Blood in the Face should be looked at by today’s white advocates as a moment in time preserved in a way that one can look back upon to see what would end up working, sort of working, and what didn’t work at all in the coming decades.

What was irrelevant, effective but limited, didn’t work, and worked

1. Irrelevant

In the future, cross burnings and Klan robes will be seen as a genuine cultural ritual for a particular people. However, until that day arrives the robes of the modern Klan and cross burnings are best done in the private, invitation-only sphere. Otherwise these items need to be in the irrelevant column. Irrelevant for converting those people that are undecided. Klan rituals are too off the beaten path, too off-putting, and so demonized that a family man and solid citizen cannot attend without taking a big risk.
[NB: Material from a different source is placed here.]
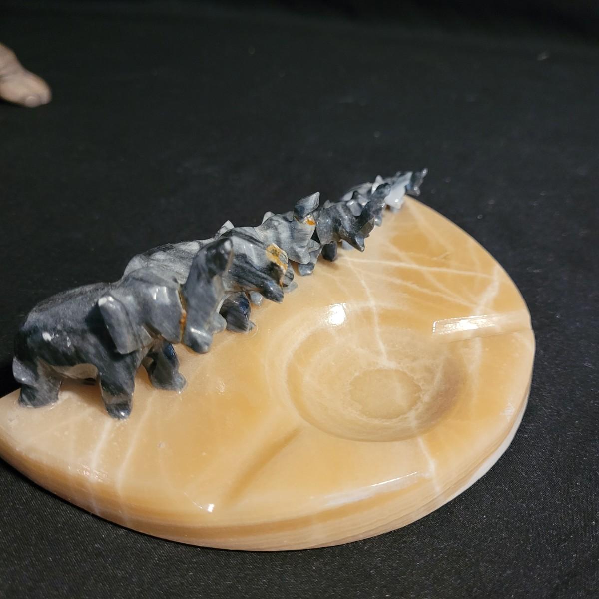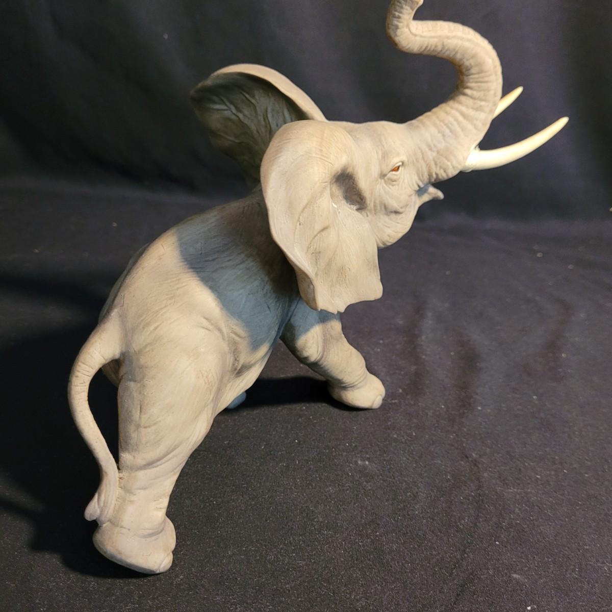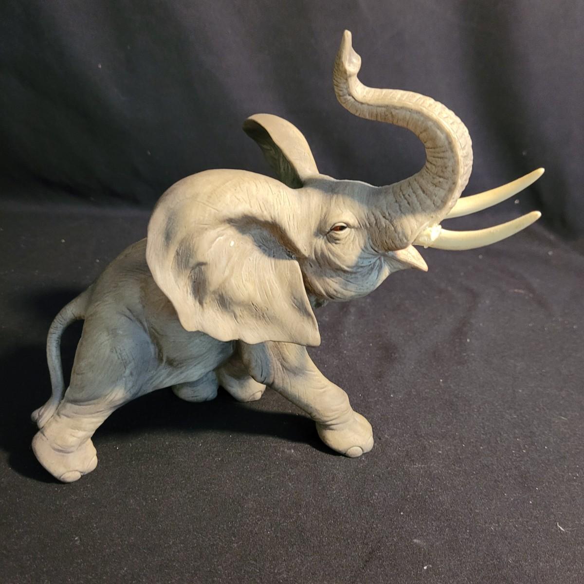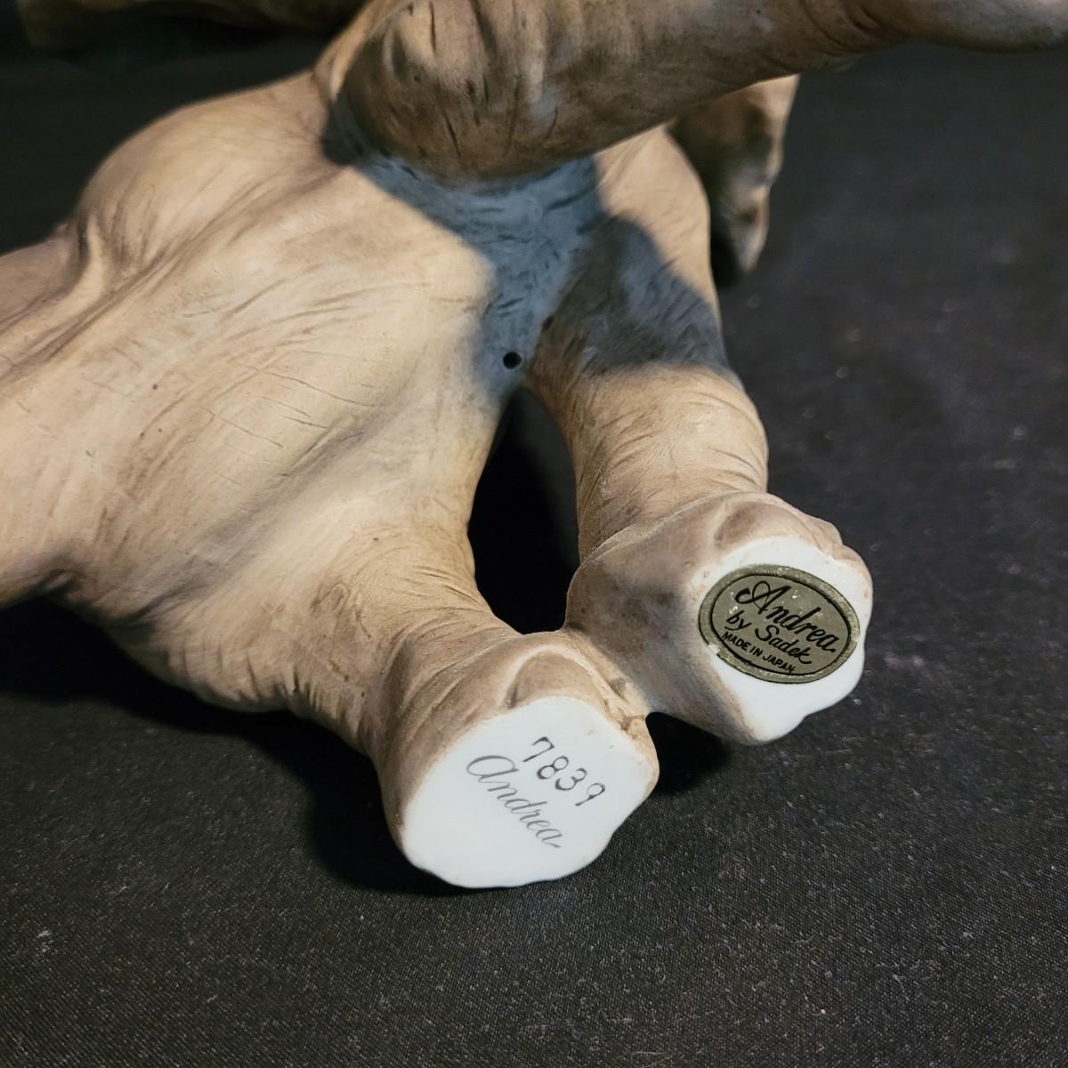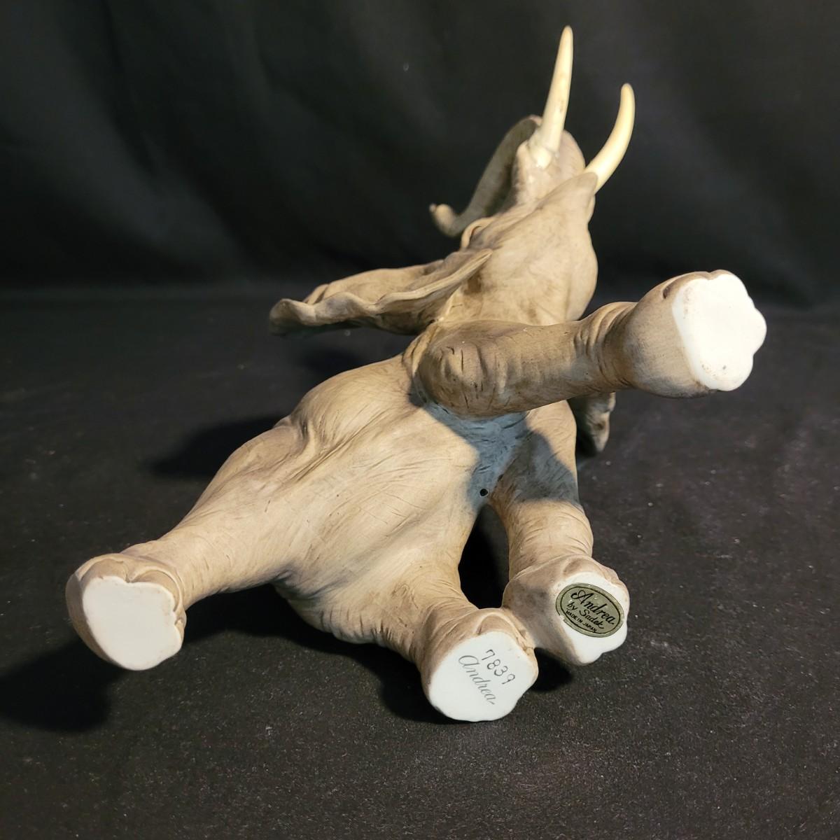 Large grey ceramic elephant made by Andrea by Sadek in Japan, number 7839. In fair condition, with tusk that broke at one point and was glued back on (see photo). Glass elephant may be crystal, can not verify. Good condition, with slight scratching on the bottom and a small scratch above the eye (see photos). Heavy for small size. Stone ashtray in fair condition, with one trunk broken off and trunk of largest elephant broken off at one point and glued back on. For reference, grey ceramic elephant measures approximately 10.5"H diagonally from back left foot to tip of trunk. Shipping available.

Other fun but irrelevant items include dressing like Nazi stormtroopers.

2. Effective — But Limited

For the most part the religious interpretations of racial affairs are effective — but limited. Featured are several Christian Identity ministers. If it takes off, religion is an enormous force. However, in the Anglo-Saxon World Protestantism has been self-limited since the time of Oliver Cromwell. Walter Russell Mead explains the “why” of this best:

By the end of the seventeenth century, England’s many Protestant, biblicist sects recognized that no single one of them could reasonably expect to occupy the ground of the old Catholic Church. Each could still believe that it was in possession of the full and only gospel truth, each little chapel could glory in the knowledge that beneath its humble eaves were gathered the earthly representatives of the One True Church of God—but this was a primacy that the secular world would never acknowledge.[5] [7]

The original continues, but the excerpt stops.